일단 XenCenter 에서 GPU를 할당할 Windows 7 VM의 Metadata만 생성해 둔다. 기본적으로
VM Metadata 생성 시 자동으로 VM을 시작하여 운영체제 설치가 바로 진행되는데, 바로 시작하지
않은 상태에서 Meta정보만 생성한다.

이제 생성된 VM 정보를 확인한다.

# xe vm-list
————————————————————————
uuid ( RO) : 755b8431-066d-b42d-260e-3f7e8a38c132
name-label ( RW): win7-01
power-state ( RO): halted
uuid ( RO) : 41072988-71d3-7f20-b781-47235fff93fc
name-label ( RW): win7-02
power-state ( RO): halted
uuid ( RO) : 1828ec5a-42bf-48ca-ab85-382288282df1
name-label ( RW): Control domain on host: xen-alang
power-state ( RO): running
uuid ( RO) : b627fb12-ef0e-4347-8588-48353d961c33
name-label ( RW): win7-01s
power-state ( RO): halted
uuid ( RO) : ea006743-5185-6130-4dc7-85d2535a3c4e
name-label ( RW): win7-03
power-state ( RO): halted

# xe vm-list name-label=win7-01
uuid ( RO) : 755b8431-066d-b42d-260e-3f7e8a38c132
name-label ( RW): win7-01
power-state ( RO): halted
————————————————————————

이제 xe gpu-group-list 에서 확인된 GPU group을 특정 win7-03 VM에 할당해 보도록 하자

우선 기존에 할당된 gpu_group이 없는지 확인한다.

# xe vgpu-list vm-uuid=ea006743-5185-6130-4dc7-85d2535a3c4e

그럼 아무런 정보가 출력되지 않아야 한다. 만일 기존에 할당된 GPU가 있다면 아래와 같이
할당된 gpu-group-uuid 가 출력이 될것이다.

# xe vgpu-list vm-uuid=755b8431-066d-b42d-260e-3f7e8a38c132
uuid ( RO) : 3dab6b01-c202-f723-8474-4529e030a00e
vm-uuid ( RO): 755b8431-066d-b42d-260e-3f7e8a38c132
gpu-group-uuid ( RO): f7197a87-ea53-556c-274c-c12c09fb20b4

만일 새롭게 gpu-group을 할당하고자 하면 아래와 같은 방법으로 기존 할당된 gpu-group
을 제거한다.

# xe vgpu-destroy uuid=3dab6b01-c202-f723-8474-4529e030a00e
# xe vgpu-list vm-uuid=755b8431-066d-b42d-260e-3f7e8a38c132

이제 win7-03 VM 에 Quadro K5000 의 pGPU를 할당한다.

pGPU를 할당하기 위해서는 win7-01의 uuid 와 Quadro K5000 GPU가 포함된 gpu_group의 uuid
정보가 필요하다. xe vm-list, xe gpu-group-list 명령으로 확인이 가능하다.

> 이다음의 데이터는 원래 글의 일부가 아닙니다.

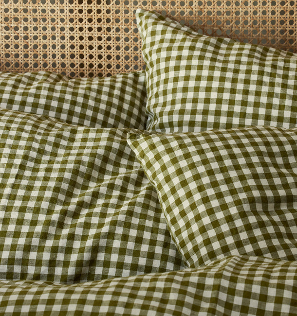 Add a touch of modern cottagecore style to your bedroom with our Botanical Green Gingham 100% linen bed skirt. Featuring our signature gingham pattern, this classic gathered skirt drapes beautifully with its soft frills. Our bed skirts have a 15-inch drop from the base to the floor and come in four sizes for twin, full, queen and king beds.
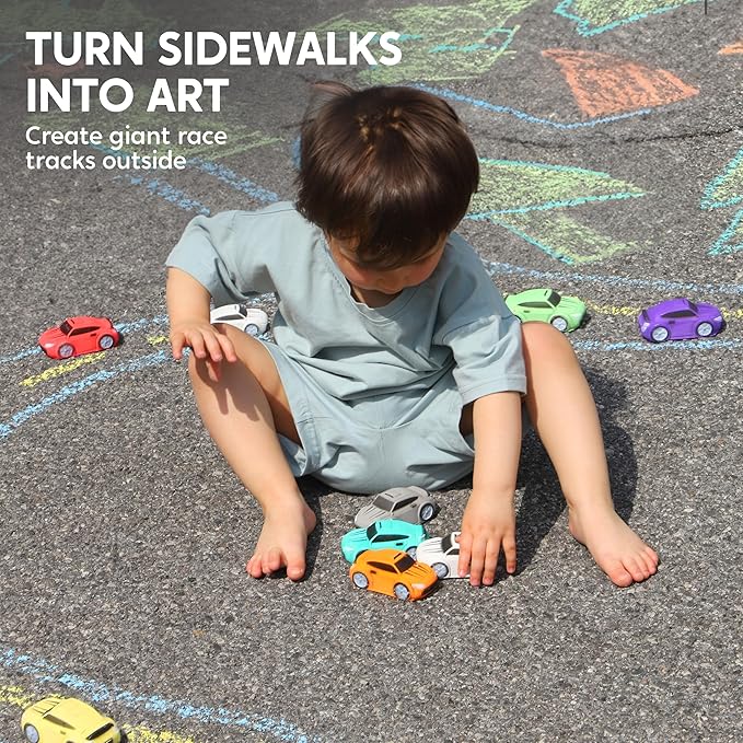 - Super Value Pack: Includes 24 pieces of race car shaped chalk in 12 vibrant colors, great for kids to enjoy art, drawing, and painting on sidewalks, chalkboards, or other creative surfaces. Motivate creativity in every masterpiece!

pGPU 할당은 xe vgpu-create 명령으로 가능하다.

# xe vgpu-create vm-uuid=ea006743-5185-6130-4dc7-85d2535a3c4e gpu-group-uuid=74aa44ad-ac92-d451-c490-9c89bb5c0c59
————————————————————————
7bdd7660-28da-31b2-b538-53c8bea68ec5
————————————————————————

xe vgpu-create 명령으로 VM 에 PGPU를 정상적으로 할당하면 XenServer레벨에서 인식하는
vgpu uuid 가 출력된다.

이제 win7-03 VM에 GPU가 정상적으로 할당되었는지 확인한다.

# xe vgpu-list vm-uuid=ea006743-5185-6130-4dc7-85d2535a3c4e
————————————————————————-
uuid ( RO) : 7bdd7660-28da-31b2-b538-53c8bea68ec5
vm-uuid ( RO): ea006743-5185-6130-4dc7-85d2535a3c4e
gpu-group-uuid ( RO): 74aa44ad-ac92-d451-c490-9c89bb5c0c59
————————————————————————-

정상 할당이 되어지면 위와 같이 vgpu uuid 가 출력되어야 한다.

XenCenter 프로그램에서 해당 VM의 속성으로 들어가서 GPU 정보를 보면 Quadro K5000 GPUs 그룹이
할당되어 있는 것을 확인할 수 있다.

이제 위에서 설명한 바와 같이 Windows 7 운영체제를 설치하고, 원격접속툴(RGS, VNC)설치 ,
K5000에 대한 Nvidia Driver를 설치 한다.

Nvidia Driver 설치 완료 후 reboot 하면 다음 부터는 K5000 GPU 를 가상머신에서 기본 VGA로
인식하게 된다. 이때 XenCenter 프로그램의 VNC console 에도 화면이 나타날 수 있는데,
이는 Nvidia GPU를 인식하기 전까지 그래픽 화면을 표현할때 사용되는 가상 VGA장치를 생성
하기 때문에다. GPU passthrough 되면 가상 console 에 대한 VGA는 제거하는 것이 좋다.

아래는 기본 가상 VGA를 제거하는 방법이다.

# xe vm-param-set uuid=755b8431-066d-b42d-260e-3f7e8a38c132 platform:vgpu_vnc_enabled=false

OpenXen 에서는 hvm config 에 gfx_passthru=1 에 해당하는 명령이라 볼수 있다.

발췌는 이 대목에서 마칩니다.